Loggers clear-cut the forests but did no replanting, which contributed to flooding. In 1849, several dams broke on Hickory Run, flooding the towns of Saylorsville and Hickory Run. At least seven people died and most were buried in the small cemetery near the park office. The blacksmith, Jacob West, lost four of his children and his wife, yet survived them for 40 years until being buried alongside them.

The flood, one of many, only slowed the removal of the trees. Forest fires became a problem on the cleared land. In 1875, the Great Fire began near Mud Run and smoldered for several days before sweeping north to Monroe County. The fire destroyed many mills and houses and damaged cut and standing timber. The population began to dwindle.

The park office, the Manor House, a residence, a barn and the Chapel are all structures that remain from the old town of Hickory Run. Other traces of the town include a cemetery, foundations and roads.

Little is known of the time between the 1890s and 1918. Forest fires raged and floods carried away the soil. Not since the glacier had the land been so devastated.

In 1918, Allentown millionaire General Harry C. Trexler began buying land. Trexler began his career as a clerk, but soon branched into logging and other industries, becoming a wealthy businessman and philanthropist. Trexler purchased the land at Hickory Run for one purpose:

“I would like to see Hickory Run developed into a state park where families can come and enjoy wholesome recreation.”

-Lehigh County Historical Society, The General and His Captain, 1984

Trexler opened his land to public hunting and fishing. One thousand acres were fenced off to propagate game animals and a fish hatchery was established. Wardens patrolled the propagation area, and part of the path they walked has become Gamewire Trail. Trexler died before his plans could be completed.

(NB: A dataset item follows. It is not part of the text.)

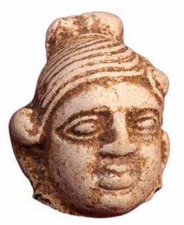 | Description / विवरण | Head of a human figurine made of Chinese clay with combed hair tied with a knot at the back side of the head. Hair tied with an ornament on both sides. The charming face shows long snubbed nose, open eyes, thick lips, multiple wavy hair bands, tied with a top knot and side tassels added beauty to the face. |

In 1935, the National Park Service purchased Hickory Run to create a national recreation demonstration area. These areas were placed near large urban centers to provide fresh air recreation for lower class urban dwellers. In 1936, Works Progress Administration workers arrived and began building roads, trails, fire roads, water lines and the group camps. In 1939, the Civilian Conservation Corps (CCC) established Camp NP-6. The CCC camp was adjacent to the current campground by the CCC Dam. A playground and open field now occupy the site where 200 young men had their camp.

In 1945, the Hickory Run National Recreation Demonstration Area was transferred to Pennsylvania and became Hickory Run State Park.

Why Hickory Run?

Run is a colloquial name for a stream. Most of the local streams are called runs, but why Hickory Run when there are so few hickories in the area?

A logical theory is that when settlers arrived in the area they found many hickory trees. The logging era could have removed the trees, but there are very few hickory trees in the park today. If there once were many trees, there should have been a good seed base to regrow the hickories. This theory cannot be proven unless logging records can be discovered.

The other theory for the name is based on a story from the early inhabitants of the town of Hickory Run. They say that the first explorers up the stream valley found a huge hickory tree surrounded by pine trees. This unique tree formation inspired the name. Recent explorations of the lower reaches of Hickory Run have failed to discover the huge hickory tree or the pine grove, but the story and name live on.